News - Taxing times for dividends
Posted on March 16, 2008 in the Finance insurance category
Gordon Brown had been itching to find a way to clamp down on traders who had set up companies, in order to pay themselves dividends out of the profits free of basic rate tax and national insurance.
Over the last year hundreds of thousands of people, milkmen were a prominent example, changed from being sole traders to companies, because the Chancellor let off small companies from tax on their first 10,000 of profit, which they could then pay themselves as a dividend. But from this month those dividends will be taxed.
The rate is 19 per cent, it’s only paid if the profits are distributed as dividends, not if they’re kept in the company to invest, and it won’t apply to companies with bigger profits, because they pay anyway. Finance Bill New details have emerged as today’s Finance Bill has been put together.
The tax is to be paid by the company, not by the individual.
It will hit new dividends paid this year, but taken from last year’s profit, but the tax payment can be delayed if the dividend taken is more than company made in profit in the relevant year. The cry has gone up from small traders that they only set up companies because the finance and insurance training encouraged them by making tax on small companies less of a burden. Now some of them are being penalised, often only months after making the change.

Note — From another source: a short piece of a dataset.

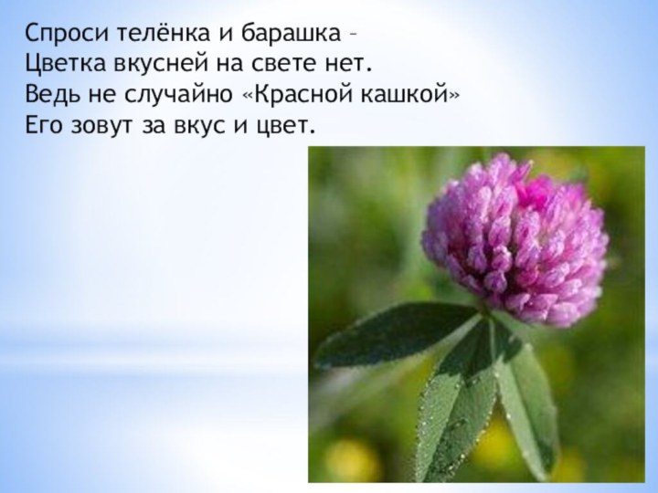 Спроси телёнка и барашка – Цветка вкусней на свете нет. Ведь не случайно «Красной кашкой» Его зовут за вкус и цвет.

So if this does affect you should you change back to being a sole trader ? Costly switch ? Tax specialists say it can be quite costly to make the switch back. “It is not as easy to investment mcgraw hill irwin series in finance insurance and real est
“But if the shareholders do want to wind up the company and take the assets out of the company they must pay the market rates and those could be quite small.”

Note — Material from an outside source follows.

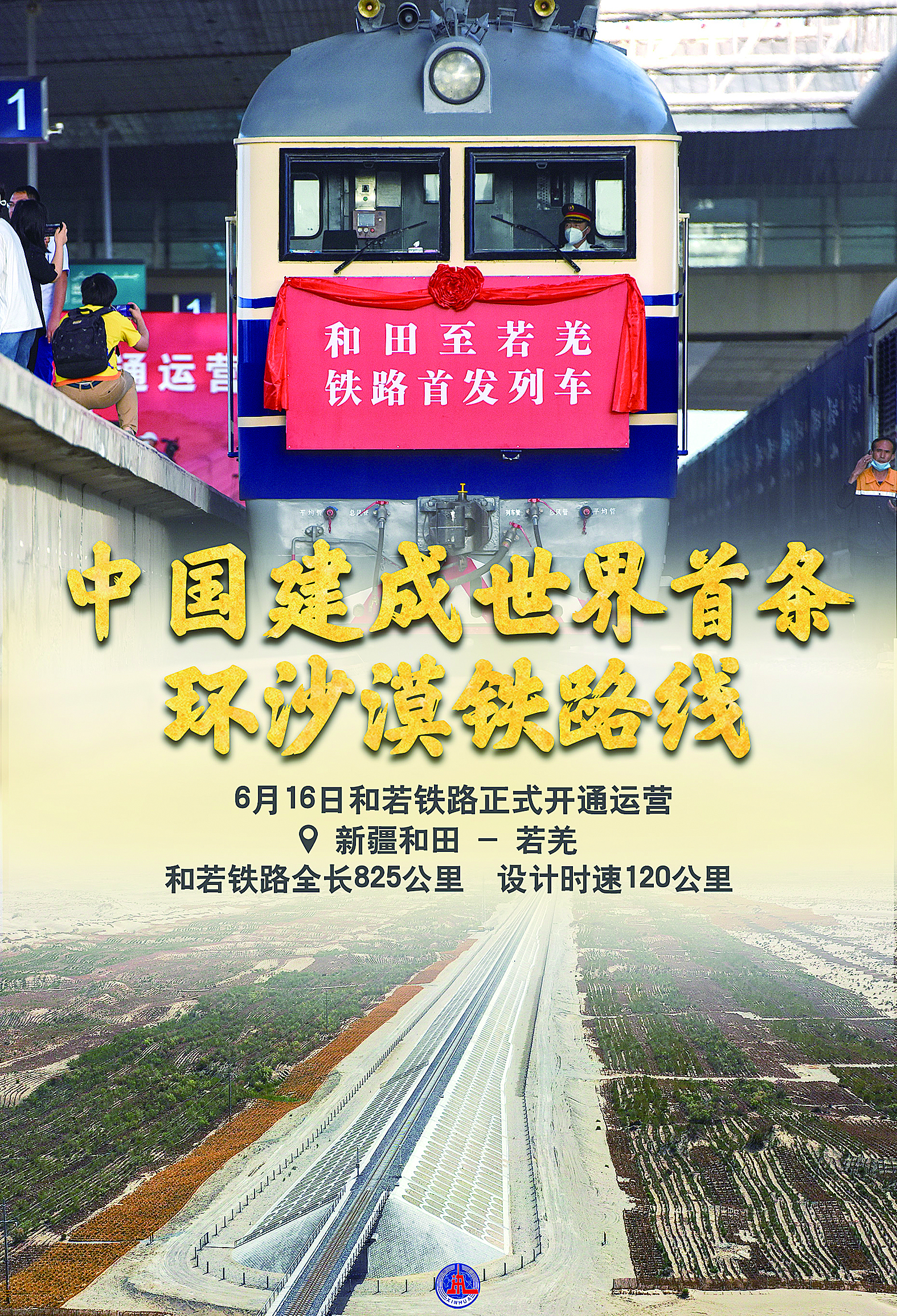 和若铁路全长825公里,设计时速120公里,一路向东穿越沙海,延伸至甘肃、青海和西藏交界的若羌县。它与现有格库铁路、南疆铁路共同构成一条2712公里的环形铁路,“环抱”塔克拉玛干沙漠。这条国家I级单线铁路,串联起沙漠里的点点绿洲,结束了塔里木盆地南缘且末、民丰等5个县和新疆生产建设兵团3个团场不通火车的历史。

Also, being a limited company does give you some protection from law suits or sudden bills you might not be able to pay, so that’s worth bearing in mind before you change back.
Thousands of milkmen, plumbers, electricians, nannies and freelancers were shocked by the Chancellor’s announcement in the Budget that if they’d set up a company they’d have to pay a new tax.
as it is to incorporate in the first place but if the company is small and has little or no assets it can be quite straight forward,” says Kevin Slevin from Solomon Hare Accountants.